• [How to complete this task]
Produce an exact copy of all the data below, dropping every image.

• [Supplied data]
********************
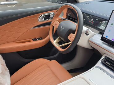 - Просторный интерьер с двухцветной отделкой: коричневая перфорированная кожа (ромбовидная прострочка) и светлые панели
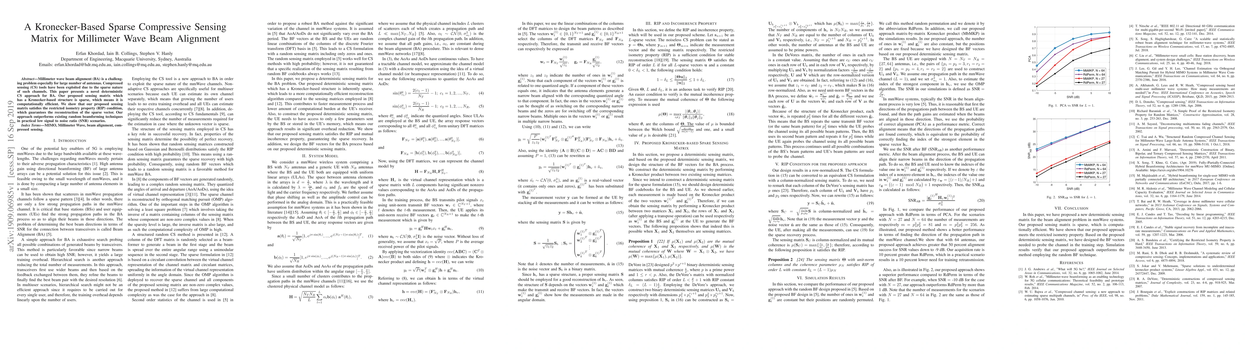 Millimeter wave beam alignment (BA) is a challenging problem especially for large number of antennas. Compressed sensing (CS) tools have been exploited due to the sparse nature of such channels. This paper presents a novel deterministic CS approach for BA. Our proposed sensing matrix which has a Kronecker-based structure is sparse, which means it is computationally efficient. We show that our proposed sensing matrix satisfies the restricted isometry property (RIP) condition, which guarantees the reconstruction of the sparse vector. Our approach outperforms existing random beamforming techniques in practical low signal to noise ratio (SNR) scenarios.
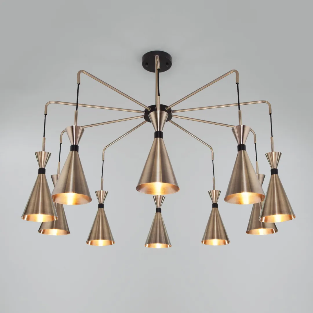 В десятирожковой люстре используются сменные лампы с цоколем Е14, рассчитанные на максимальную мощность 60 Вт. В производстве люстры использован высококачественный металл с надежным защитным покрытием.
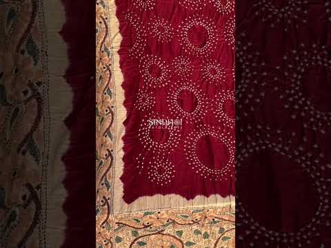 Pure Gaji Silk Bandhani saree with fusion of kantha work of west bengal
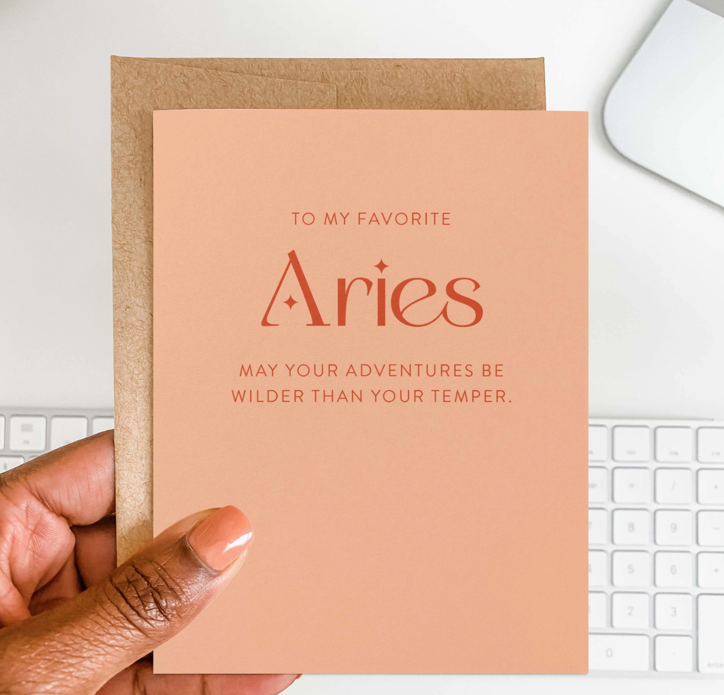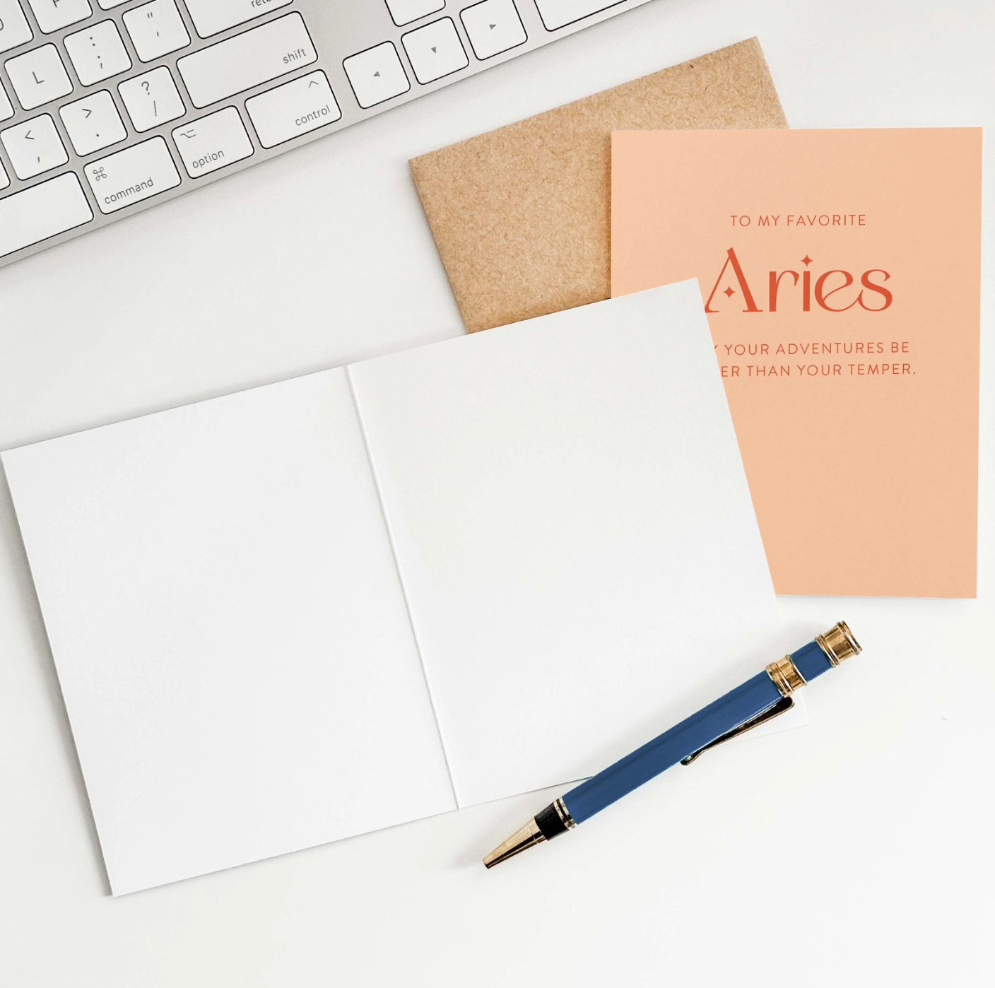 Peach greeting card with the text "to my favorite Aries, may your adventures be wilder than your temper" with a brown envelope, an open greeting card showing blank pages, a pen, and a partial view of a keyboard.
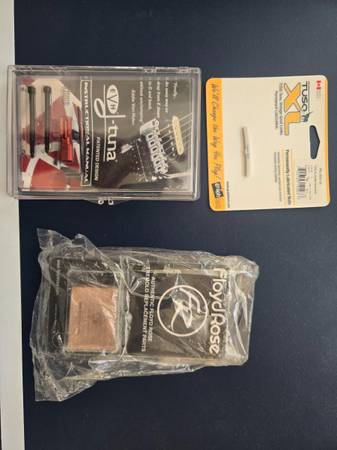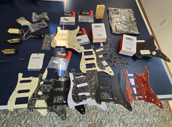 I have... Emg 81 85 pickups Tusq xl strat nut Floyd rose 37mm tungsten block Evh d tuna Lace sensor guitar pickups Stratocaster pickguards Loaded strat pickguards 2 oem evh bridge humbuckers Fender...
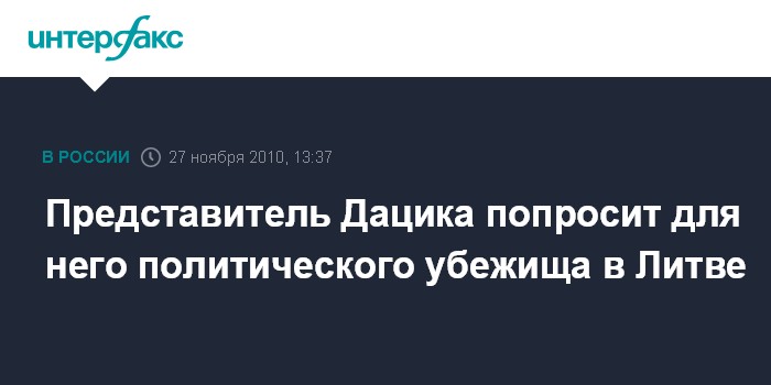 Москва. 27 ноября. INTERFAX.RU - Националисты намерены просить у Литвы политическое убежище для своего соратника Вячеслава Дацика, сбежавшего из российской психбольницы и находящегося теперь в норвежской тюрьме. Как рассказал "Интерфаксу" в субботу лидер запрещенной в России судом националистической организации "Славянский Союз" Дмитрий Демушкин, он намерен обратиться в литовское посольство как официальный представитель В.Дацика.
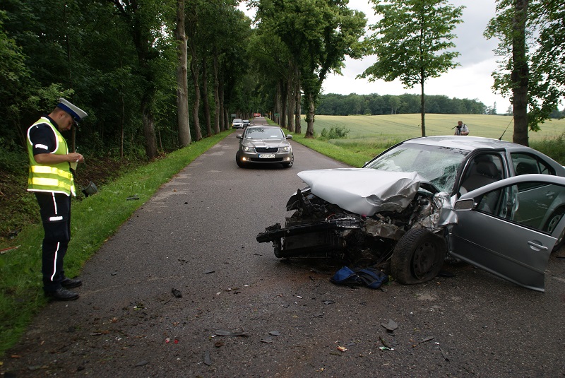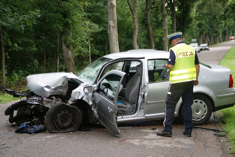 Zgłoszenie o wypadku drogowym w miejscowości Strubno w gminie Płoskinia policjanci otrzymali o godz. 12:30. Z wstępnych ustaleń wynika, że 55-letni kierowca VW Bora, mieszkaniec województwa śląskiego, na prostym odcinku drogi zjechał na przeciwny pas ruchu, po czym uderzył w przydrożne drzewo. Pomimo udzielonej pomocy medycznej kierujący zmarł.
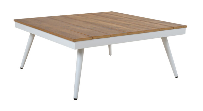 Съвременна маса с тъмносива алуминиева рамка и поливуд плот в дървесен цвят
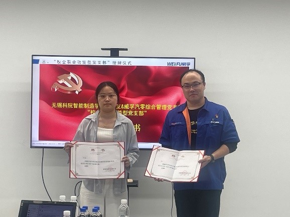 为进一步探索党建工作新思路、新方法,坚持“校企联合党建”引领“校企合作育人”理念,系牢“校企”联合纽带,确保学生在校外岗位实习关键时段的培训教育不断线。10月18日,我校智能制造学院党总支和威孚汽零综合管理党支部举办”校企联合功能型党支部”授牌仪式暨岗位实习学生汇报会。威孚高科技集团有限公司组织人事部部长徐娇、威孚汽零综合管理党支部书记兼人事行政经理杨彦、制造支部书记兼制造一部经理徐晓春,智能制造学院党总支书记鲍都娇、院长张国新等参加活动。
********************
• [Solution for this task]
 - Просторный интерьер с двухцветной отделкой: коричневая перфорированная кожа (ромбовидная прострочка) и светлые панели
 Millimeter wave beam alignment (BA) is a challenging problem especially for large number of antennas. Compressed sensing (CS) tools have been exploited due to the sparse nature of such channels. This paper presents a novel deterministic CS approach for BA. Our proposed sensing matrix which has a Kronecker-based structure is sparse, which means it is computationally efficient. We show that our proposed sensing matrix satisfies the restricted isometry property (RIP) condition, which guarantees the reconstruction of the sparse vector. Our approach outperforms existing random beamforming techniques in practical low signal to noise ratio (SNR) scenarios.
 В десятирожковой люстре используются сменные лампы с цоколем Е14, рассчитанные на максимальную мощность 60 Вт. В производстве люстры использован высококачественный металл с надежным защитным покрытием.
 Pure Gaji Silk Bandhani saree with fusion of kantha work of west bengal
 Peach greeting card with the text "to my favorite Aries, may your adventures be wilder than your temper" with a brown envelope, an open greeting card showing blank pages, a pen, and a partial view of a keyboard.
 I have... Emg 81 85 pickups Tusq xl strat nut Floyd rose 37mm tungsten block Evh d tuna Lace sensor guitar pickups Stratocaster pickguards Loaded strat pickguards 2 oem evh bridge humbuckers Fender...
 Москва. 27 ноября. INTERFAX.RU - Националисты намерены просить у Литвы политическое убежище для своего соратника Вячеслава Дацика, сбежавшего из российской психбольницы и находящегося теперь в норвежской тюрьме. Как рассказал "Интерфаксу" в субботу лидер запрещенной в России судом националистической организации "Славянский Союз" Дмитрий Демушкин, он намерен обратиться в литовское посольство как официальный представитель В.Дацика.
 Zgłoszenie o wypadku drogowym w miejscowości Strubno w gminie Płoskinia policjanci otrzymali o godz. 12:30. Z wstępnych ustaleń wynika, że 55-letni kierowca VW Bora, mieszkaniec województwa śląskiego, na prostym odcinku drogi zjechał na przeciwny pas ruchu, po czym uderzył w przydrożne drzewo. Pomimo udzielonej pomocy medycznej kierujący zmarł.
 Съвременна маса с тъмносива алуминиева рамка и поливуд плот в дървесен цвят
 为进一步探索党建工作新思路、新方法,坚持“校企联合党建”引领“校企合作育人”理念,系牢“校企”联合纽带,确保学生在校外岗位实习关键时段的培训教育不断线。10月18日,我校智能制造学院党总支和威孚汽零综合管理党支部举办”校企联合功能型党支部”授牌仪式暨岗位实习学生汇报会。威孚高科技集团有限公司组织人事部部长徐娇、威孚汽零综合管理党支部书记兼人事行政经理杨彦、制造支部书记兼制造一部经理徐晓春,智能制造学院党总支书记鲍都娇、院长张国新等参加活动。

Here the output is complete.